**WHAT YOU WILL DO:** The response should be an exact transcription of the data below, free of images.
---------- INFORMATION SHOWN
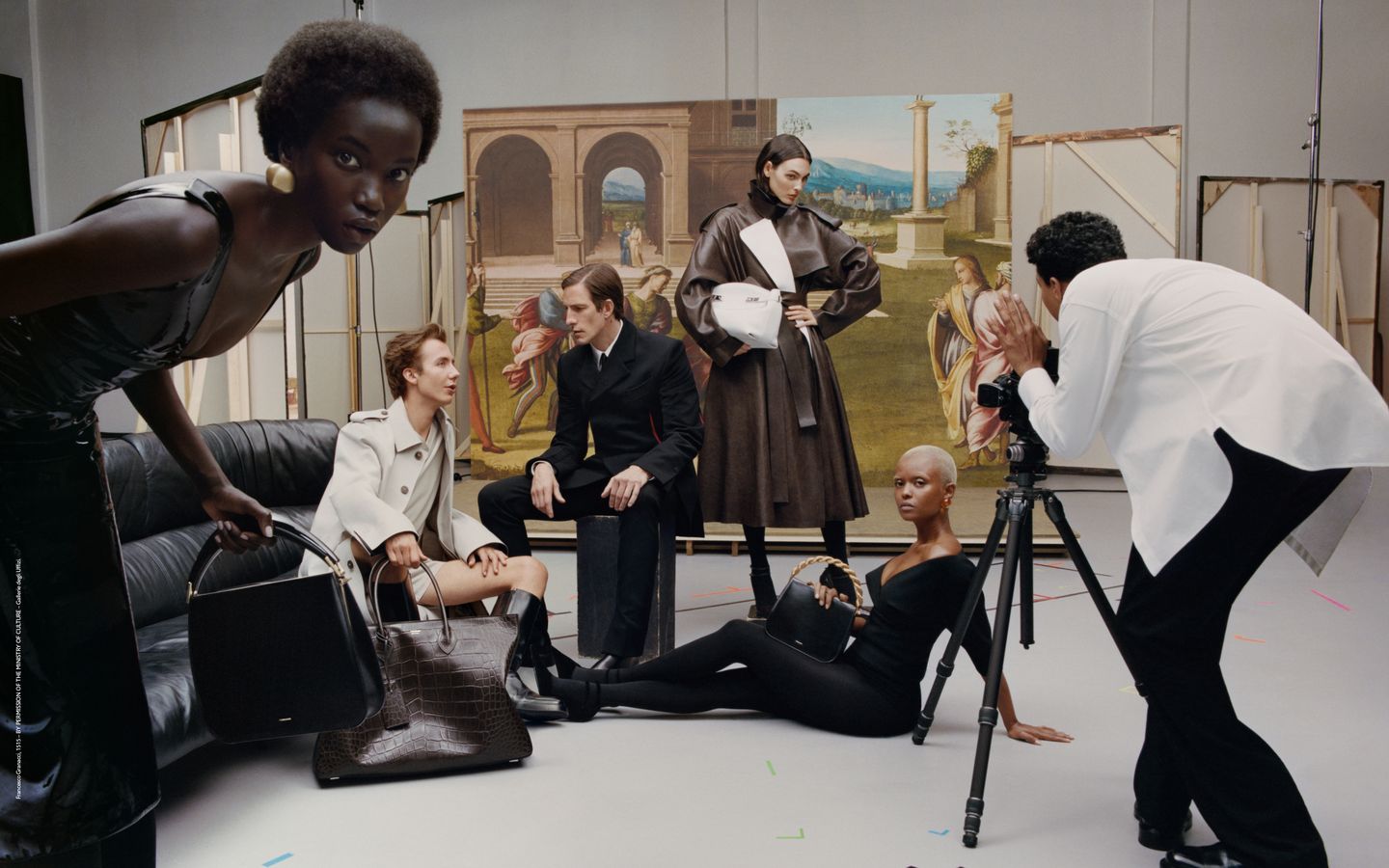 Ao colocar musas, amigos e membros de sua comunidade criativa diversificada vestindo alfaiataria afiada e terno requintado, com tecidos ricamente texturizados, materiais e cores ousados, a bolsa Hug e os arquivos inspiraram a sandália dourada no contexto de trabalho de Bellini, Veronese e Botticelli, Davis criou um diálogo entre o passado e o presente, onde ambos os espíritos da Renascença e do mundo luxuoso do século 21 foram lançados em diferentes relevos em sobreposição.
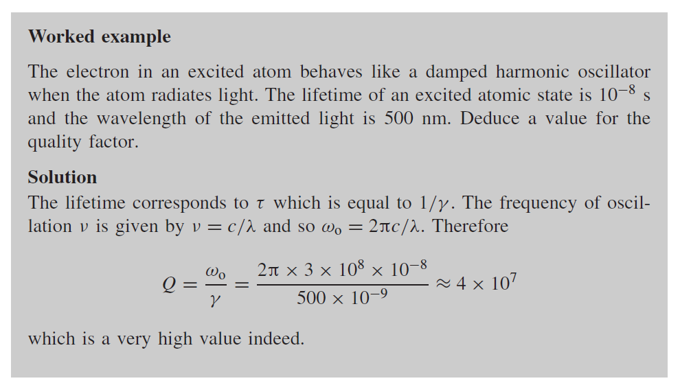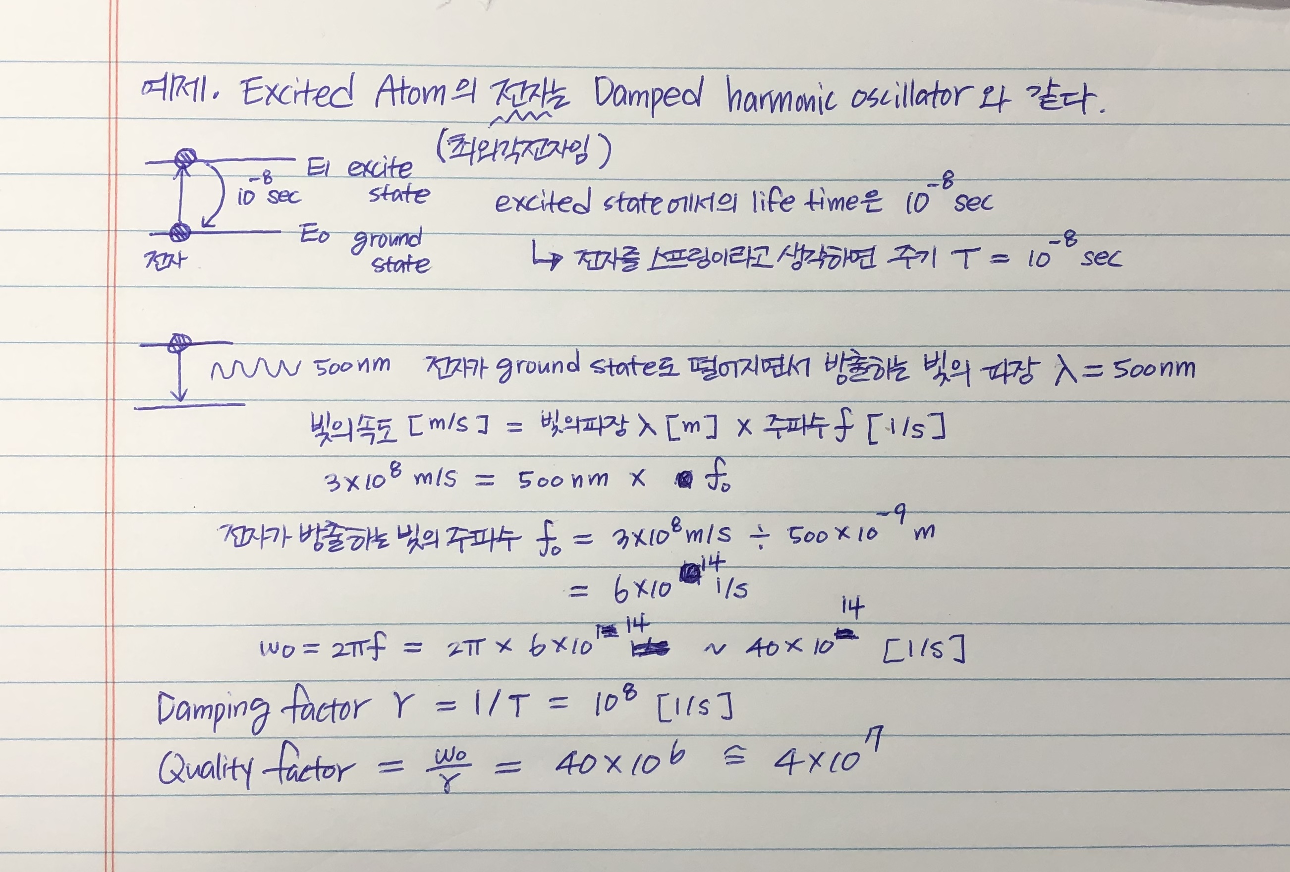 (b) 조화진동자의 총 에너지가 1/2mw^2A^2일때 quality factor를 구하라
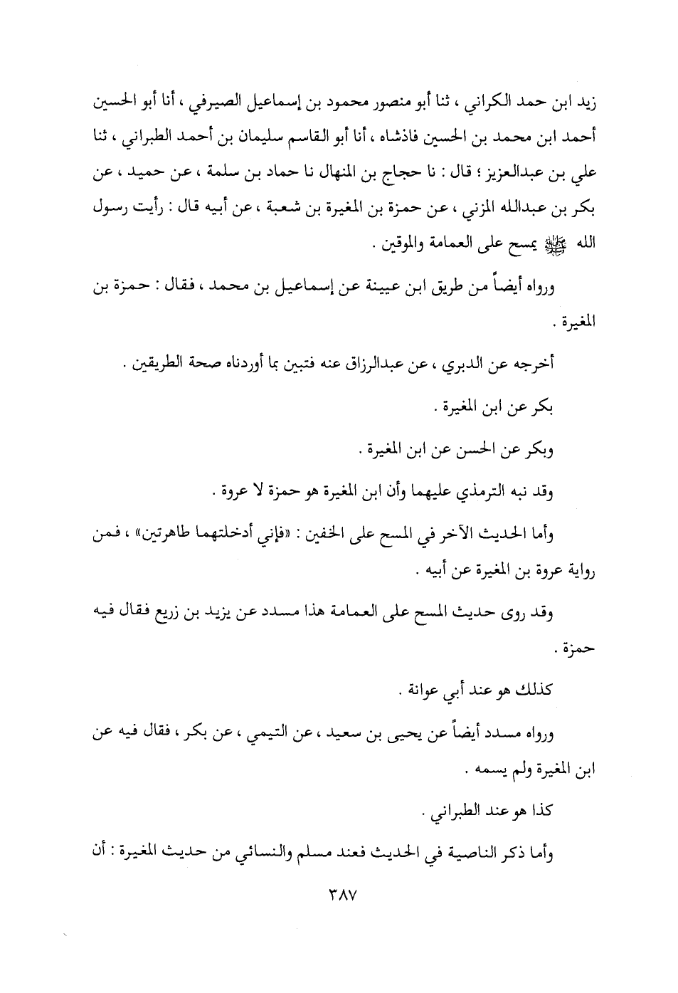 وقد روى حديت المسح على العمامة هذا مسدد عن يزيد بن زريع فقال فيه حمزة.
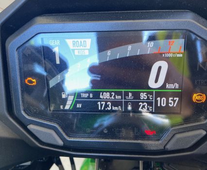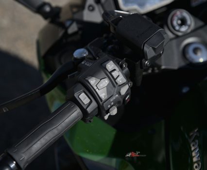 Technology takes another step forward. The TFT dash is crisp, colourful, and easy to navigate, offering everything from fuel data to lean angle and G-meter readouts. Two display modes – Road and Sport – let riders tailor the information they see, and Bluetooth connectivity via Kawasaki’s Rideology app now supports voice commands, letting you adjust settings or set GPS routes more easily. Cruise control remains simple and effective, while a new handlebar-mounted USB-C outlet adds charging convenience, even if it is bulky in appearance, it does the job.
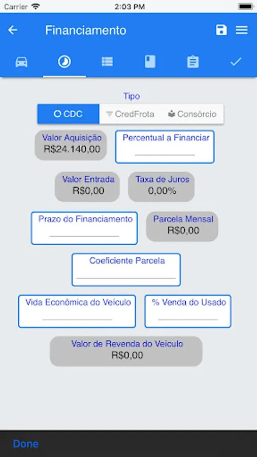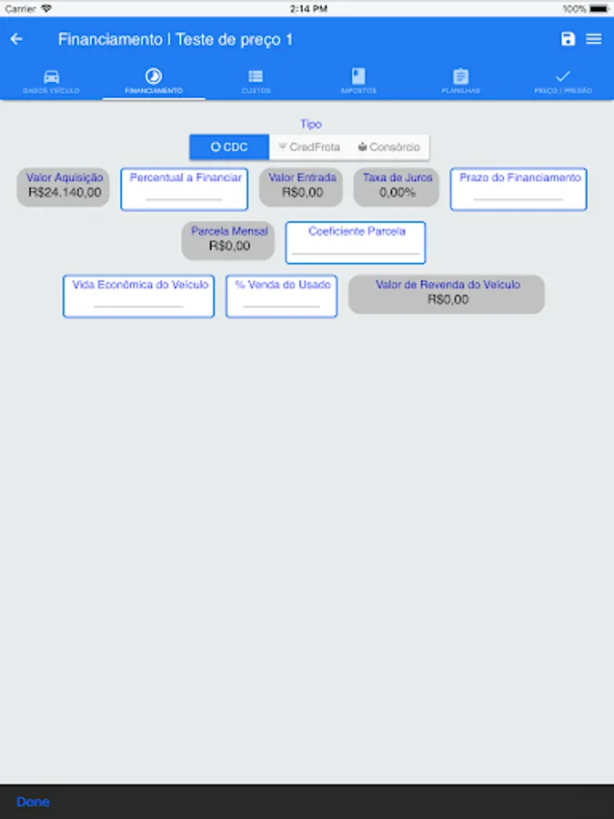 The Fair Price ABLA 2.0 allows the user to simulate various alternatives pair get the lowest price to the customer with the best return for the car rental agency. You can calculate the price by buying the vehicle in sight and switch to buying funded by CDC, CREDIFROTA or through a consortium.
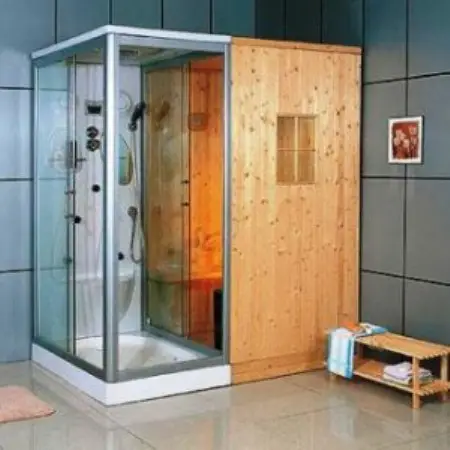 在木屋中,医生本人建议安装带桑拿的浴缸。
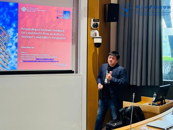 香港理工大学的陈致玮教授以“Responding to Reviewer Feedback:Do's and Don't's from an Author's,Reviewer's and Editor's Perspective”为主题进行了精彩的课程指导。陈致玮教授是信息系统领域的知名学者,他担任信息系统领域国际顶级期刊MlS Quarterly的Senior Editor,研究成果发表于MIS Quarterly,Journal of Operations Management,Information Systems Research等顶级期刊。 陈教授结合自己多年的编委经验和作为资深学者的投稿经验,详细讨论了如何专业且有效地回应审稿人的意见。演讲内容循序渐进,首先从宏观上探讨了回应时应有的总体考量,随后深入到具体的实用技巧。接着,陈教授总结了撰写回复信时可以遵循的“十条简单规则”,如“逐条回应审稿意见”“避免防御性语言”等,并进一步对审稿意见的各种类型及其相应的最佳回应策略进行了分析,现场学员纷纷表示受益匪浅。随后,在场同学就自己在投稿过程中遇到的问题与陈教授进行交流。报告见解深刻,不仅为在场的师生提供了宝贵的实战指导,也从更高层面启发大家以更积极、更成熟的心态去面对学术发表过程中的挑战。
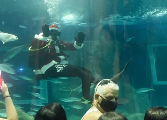 Ofim de ano no Rio de Janeiro terá um papai noel mergulhador no Grande Tanque Oceânico do AquaRio, onde vivem mais de 2 000 animais, como os tubarões. Neste ano, o público poderá ver o Bom Velhinho mergulhando entre os dias 21 a 25 de dezembro, sempre às 13h30, horário em que os animais são alimentados. Entre as figuras mais famosas do AquaRio estão os tubarões Donald e do Gastão, da espécie Mangona (Carcharias Taurus), do carismático casal de tubarões-leopardo (Stegostoma fasciatum) Zeca e Ritinha, e de outros duas mil espécies de peixes. Ao todo, são 11 tratadores que se revezam e mergulham caracterizados de Papai Noel. Eles já cuidam dos animais há seis anos. O AquaRio também terá um Papai Noel mergulhador fora dos tanques. Ele ficará no lobby para quem quiser tirar fotos. A ação é uma atividade paga à parte. Somente no dia 24 de dezembro, véspera de Natal, a ação acontecerá às 13h. A programação do aquário neste fim de ano ainda traz o mergulho da sereia, que ocorre às 10h. As apresentações têm o objetivo de sensibilizar os visitantes sobre a conservação dos ecossistemas marinhos.
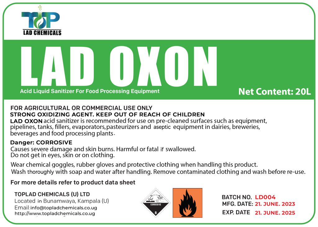 LAD OXON is a broad-spectrum peroxyacetic acid anti-microbial agent for use in a number of sanitizing applications in the brewery, beverage, dairy and food-processing industries.
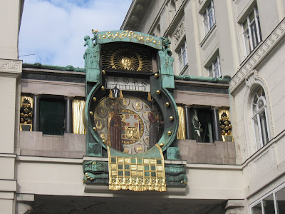 Hoher Markt這兒最有名的東西,應該是那個Ankeruhr鐘。1911由Vienna Secession時期的藝術家Franz von Matsch設計打造,這個鐘位於Anker保險公司兩棟大樓之間。十二小時之內,共會有十二位維也納歷史上重要的人物會從一側走到另一側。正午十二點的時候,是唯一次可以同時看到十二位人依序出現,而且還會有搭配音樂奏出,會是一天最熱鬧的時刻。十二位名人裡,有奧地利女王Maria Theresa,Belvedere的Eugene王子,還有作曲家海頓。我們到的時候,是下午,很可惜地啥也沒見到 :(
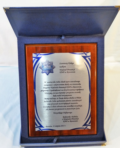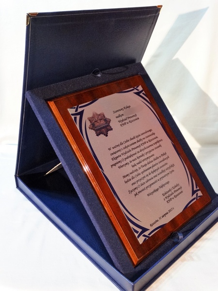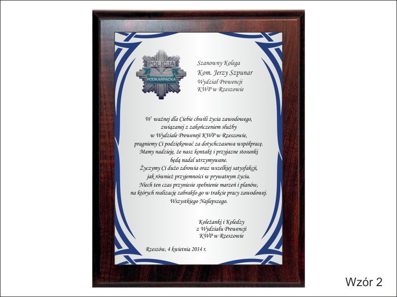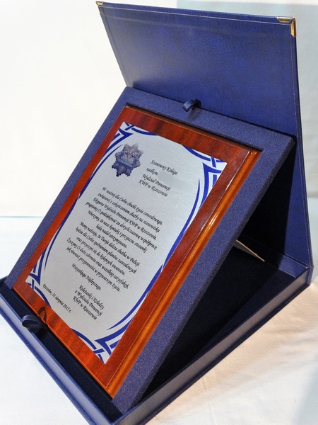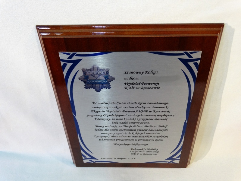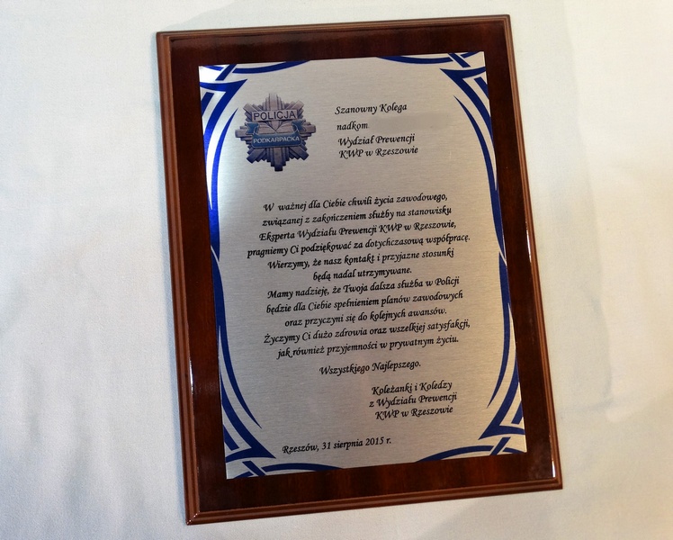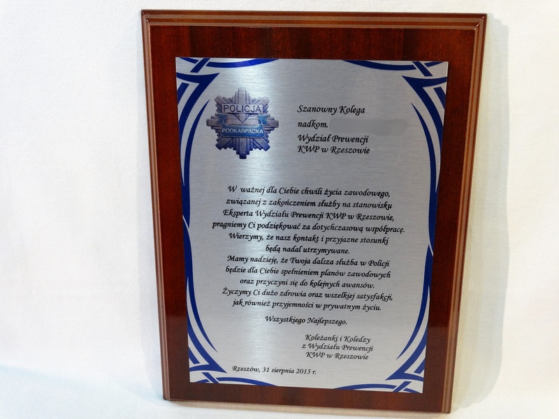 Pożegnalny, na pamiątkę i zakończenie wspólnej służby dyplom drewniany z blachą z nadrukiem na standardowym podkładzie
--------------------
**THE ANSWER:**
 Ao colocar musas, amigos e membros de sua comunidade criativa diversificada vestindo alfaiataria afiada e terno requintado, com tecidos ricamente texturizados, materiais e cores ousados, a bolsa Hug e os arquivos inspiraram a sandália dourada no contexto de trabalho de Bellini, Veronese e Botticelli, Davis criou um diálogo entre o passado e o presente, onde ambos os espíritos da Renascença e do mundo luxuoso do século 21 foram lançados em diferentes relevos em sobreposição.
 (b) 조화진동자의 총 에너지가 1/2mw^2A^2일때 quality factor를 구하라
 وقد روى حديت المسح على العمامة هذا مسدد عن يزيد بن زريع فقال فيه حمزة.
 Technology takes another step forward. The TFT dash is crisp, colourful, and easy to navigate, offering everything from fuel data to lean angle and G-meter readouts. Two display modes – Road and Sport – let riders tailor the information they see, and Bluetooth connectivity via Kawasaki’s Rideology app now supports voice commands, letting you adjust settings or set GPS routes more easily. Cruise control remains simple and effective, while a new handlebar-mounted USB-C outlet adds charging convenience, even if it is bulky in appearance, it does the job.
 The Fair Price ABLA 2.0 allows the user to simulate various alternatives pair get the lowest price to the customer with the best return for the car rental agency. You can calculate the price by buying the vehicle in sight and switch to buying funded by CDC, CREDIFROTA or through a consortium.
 在木屋中,医生本人建议安装带桑拿的浴缸。
 香港理工大学的陈致玮教授以“Responding to Reviewer Feedback:Do's and Don't's from an Author's,Reviewer's and Editor's Perspective”为主题进行了精彩的课程指导。陈致玮教授是信息系统领域的知名学者,他担任信息系统领域国际顶级期刊MlS Quarterly的Senior Editor,研究成果发表于MIS Quarterly,Journal of Operations Management,Information Systems Research等顶级期刊。 陈教授结合自己多年的编委经验和作为资深学者的投稿经验,详细讨论了如何专业且有效地回应审稿人的意见。演讲内容循序渐进,首先从宏观上探讨了回应时应有的总体考量,随后深入到具体的实用技巧。接着,陈教授总结了撰写回复信时可以遵循的“十条简单规则”,如“逐条回应审稿意见”“避免防御性语言”等,并进一步对审稿意见的各种类型及其相应的最佳回应策略进行了分析,现场学员纷纷表示受益匪浅。随后,在场同学就自己在投稿过程中遇到的问题与陈教授进行交流。报告见解深刻,不仅为在场的师生提供了宝贵的实战指导,也从更高层面启发大家以更积极、更成熟的心态去面对学术发表过程中的挑战。
 Ofim de ano no Rio de Janeiro terá um papai noel mergulhador no Grande Tanque Oceânico do AquaRio, onde vivem mais de 2 000 animais, como os tubarões. Neste ano, o público poderá ver o Bom Velhinho mergulhando entre os dias 21 a 25 de dezembro, sempre às 13h30, horário em que os animais são alimentados. Entre as figuras mais famosas do AquaRio estão os tubarões Donald e do Gastão, da espécie Mangona (Carcharias Taurus), do carismático casal de tubarões-leopardo (Stegostoma fasciatum) Zeca e Ritinha, e de outros duas mil espécies de peixes. Ao todo, são 11 tratadores que se revezam e mergulham caracterizados de Papai Noel. Eles já cuidam dos animais há seis anos. O AquaRio também terá um Papai Noel mergulhador fora dos tanques. Ele ficará no lobby para quem quiser tirar fotos. A ação é uma atividade paga à parte. Somente no dia 24 de dezembro, véspera de Natal, a ação acontecerá às 13h. A programação do aquário neste fim de ano ainda traz o mergulho da sereia, que ocorre às 10h. As apresentações têm o objetivo de sensibilizar os visitantes sobre a conservação dos ecossistemas marinhos.
 LAD OXON is a broad-spectrum peroxyacetic acid anti-microbial agent for use in a number of sanitizing applications in the brewery, beverage, dairy and food-processing industries.
 Hoher Markt這兒最有名的東西,應該是那個Ankeruhr鐘。1911由Vienna Secession時期的藝術家Franz von Matsch設計打造,這個鐘位於Anker保險公司兩棟大樓之間。十二小時之內,共會有十二位維也納歷史上重要的人物會從一側走到另一側。正午十二點的時候,是唯一次可以同時看到十二位人依序出現,而且還會有搭配音樂奏出,會是一天最熱鬧的時刻。十二位名人裡,有奧地利女王Maria Theresa,Belvedere的Eugene王子,還有作曲家海頓。我們到的時候,是下午,很可惜地啥也沒見到 :(
 Pożegnalny, na pamiątkę i zakończenie wspólnej służby dyplom drewniany z blachą z nadrukiem na standardowym podkładzie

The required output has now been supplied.